Ketcham started in the business as an animator for Walter Lantz and eventually Walt Disney, where he worked on Pinocchio, Fantasia, Bambi, and several Donald Duck shorts.
During World War II, Ketcham was a photographic specialist with the U.S. Navy Reserve. He also created the character Mr. Hook for the Navy during World War II, and four cartoons were made (one by Walter Lantz Productions, in color, and three by Warner Bros. Cartoons, in black and white). Also, while in the Navy, he began a camp newspaper strip, Half Hitch, which ran in The Saturday Evening Post beginning in 1943.
After World War II, he settled in Carmel, California, and began work as a freelance cartoonist. In 1951, he started Dennis the Menace, based on his own four-year-old son Dennis. Ketcham was in his studio in October 1950, when his first wife, Alice, burst into the studio and complained that their four-year-old, Dennis, had wrecked his bedroom instead of napping. "Your son is a menace," she shouted.
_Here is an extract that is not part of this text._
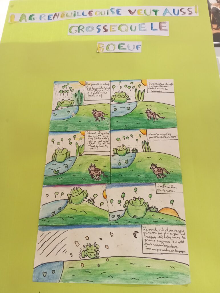 Les fables de la Fontaine sont des histoires que tout le monde connait, des histoires populaires avec une conclusion, une morale. La maîtresse a lu les fables. En groupe par 3 ou 4 on a choisi une fable puis on a illustré la fable en Bande dessinée avec des crayons aquarelle, des feutres, des crayons de couleurs, des feutres acryliques. On a écrit les dialogues, on a fait parler les personnages.
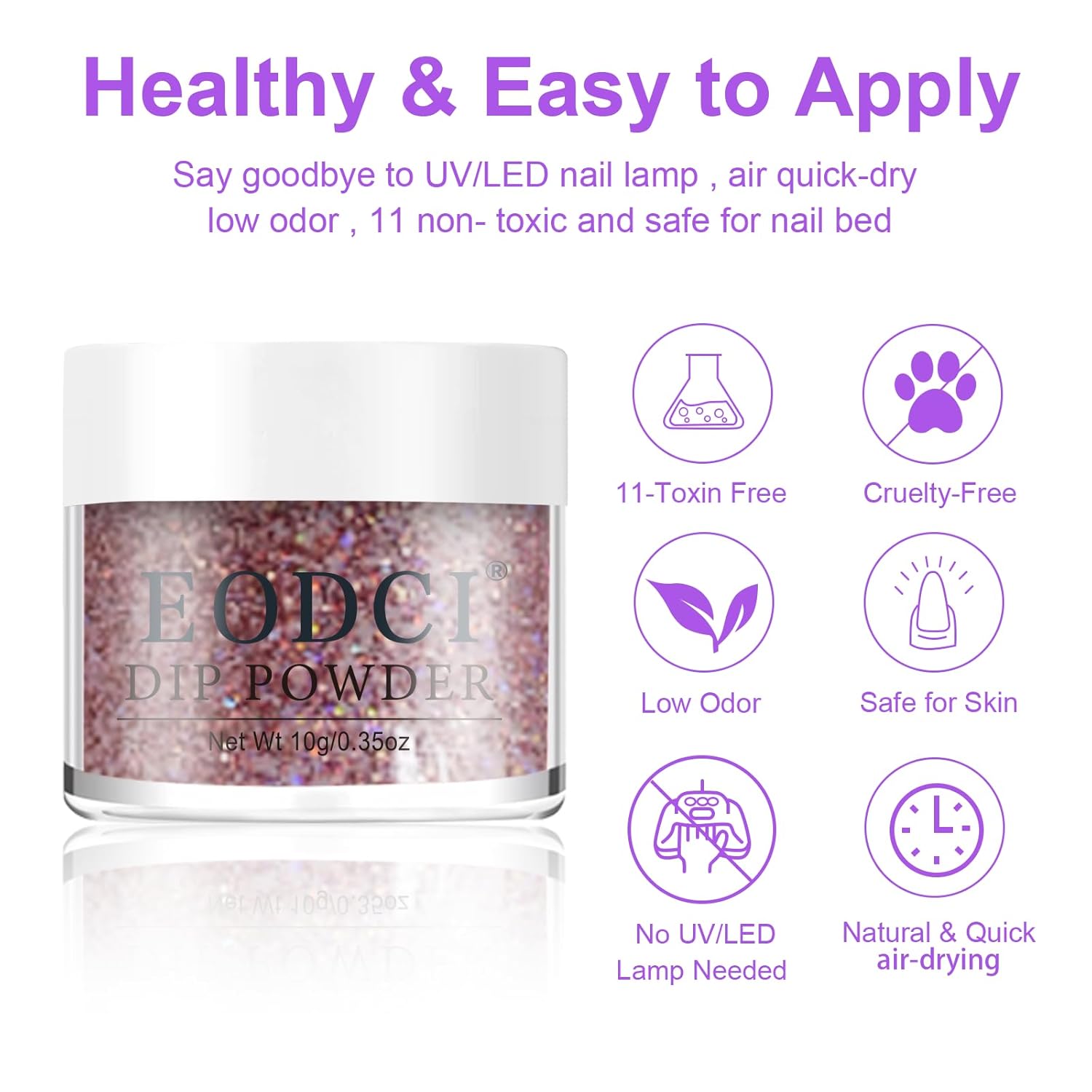 - 【No Lamp Needed】Eodci Nail Dipping Powder does not require UV/LED light to cure, is skin friendly while avoiding skin darkening and damage, safe and easy to use, suitable for beginners and professional nail salons.

Within five months, 16 newspapers began carrying the adventures of the impish but innocent "Dennis the Menace". By May 1953, 193 newspapers in the United States and 52 abroad were carrying the strip to 30 million readers.
The comic strip became so successful that it was adapted to other popular media, including several television shows, both live-action and animated, and several feature films, including theatrical and direct-to-video releases.